On 7 February 2011 17:48, Stephen McGruer <stephen.mcgruer at gmail.com> wrote:

> Jim,
>
> Thanks for the suggestion - although I don't quite want the level of detail
> you guys go into (and I don't quite understand all of it, possibly because I
> don't know the JavaFX syntax!) the source code was very useful and I think
> I've now got enough to put in some decent error messages.
>
> There are two things I'm still having trouble with that I think are related
> to this question strongly enough to not warrant a new thread. The first is
> printing out the line that the error occurred on. I wanted to try out
> mimicking the sort of print out that javac does when it encounters an error,
> but I can't work out how to get access to the text of the line that is
> having the problem. I read here -
> http://www.antlr.org/wiki/pages/viewpage.action?pageId=1769 - that if you
> are using the CommonTokenStream you should have access to a "token" with the
> information, but in my getErrorMessage override that simply returns null for
> most of the errors I've tried (currently MisMatchedToken exceptions):
>
> public String getErrorMessage(RecognitionException e, String[] tokenNames)
> {
>     // Prints out true!
>     System.out.println(e.token == null);
> }
>
> I then read that you can use the inputstream attached to the
> RecognitionException instead (can't quite remember where... the official
> docs?), but can't figure out how to do this. Currently I have tried casting
> it from an IntStream to a CharStream (I think it will always be a CharStream
> for me... maybe XD) and played with the various methods available, but none
> of them seem to offer a way to just print out the current line.
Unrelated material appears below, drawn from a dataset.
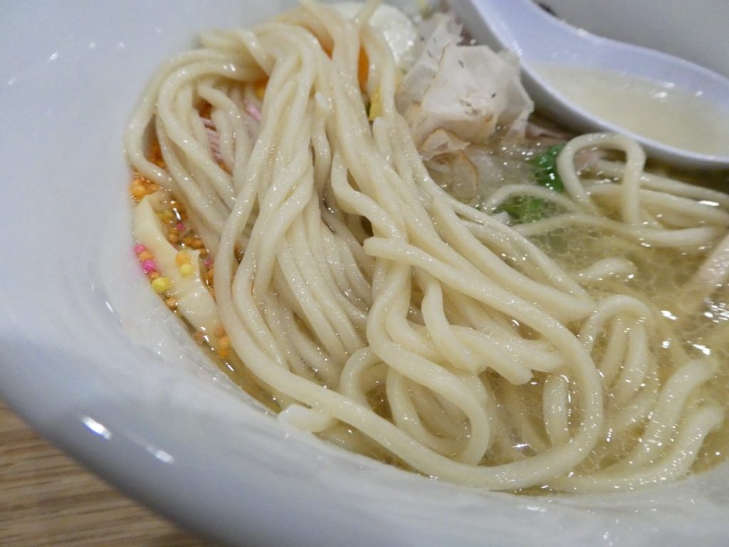 京都の老舗製麺所【麺屋棣鄂】から取り寄せる麺は、ラーメンやつけ麺によって太さや切り方を変えており、鶏節極塩らーめんは中細麺でツルムチッとした弾力が楽しめ、スープとの相性もばっちり!
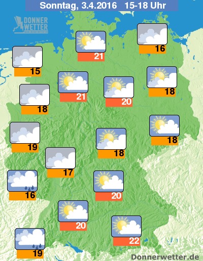 Heute Nachmittag ziehen meist aufgelockerte, gebietsweise auch nur lockere Bewölkung übers Land hinweg. In den westlichen Landesteilen zeigt sich der Himmel jedoch oft auch stark bewölkt, dazu ist im äußeren Westen und Südwesten Regen möglich, sonst bleibt es hingegen trocken. Die Temperatur steigt auf milde 15 Grad in Cuxhaven und bis auf frühsommerliche 22 Grad in München.

The most
> promising looks like substring(start, stop), but I cannot find a way to get
> the length of the line to give as the "stop" parameter! I also assume that
> if I do this method I should mark the stream before I begin, and rewind it
> once I'm done?
>
> Alternatively, if there's a "better" way to do this when overriding the
> getErrorMessage method please tell me.
>
> The second problem I'm having is with is stopping the parser from running
> if the lexer has spat out any errors. As far as I can tell, it's very
> possible and easy to stop the lexer after a single error message is thrown,
> but I cannot find anywhere that shows how to let the lexer continue but not
> let the parser run. Since all error messages are only thrown once you call
> something like "program_return parserResult = parser.program();" (i.e. the
> lexer has no errors until after this line), then I can't stop it parsing the
> syntactically invalid file and spitting out more (useless, imo) error
> messages! Is there a 'correct' or even just any way to achieve this?
>
> Thanks,
> Stephen
>
>
> On 5 February 2011 16:28, Jim Idle <jimi at temporal-wave.com> wrote:
>
>> If you download the source code to the Java FX compiler you will have a
>> complete example to work from, assuming a Java target. Start by creating a
>> superclass for the parser and overriding various error reporting points.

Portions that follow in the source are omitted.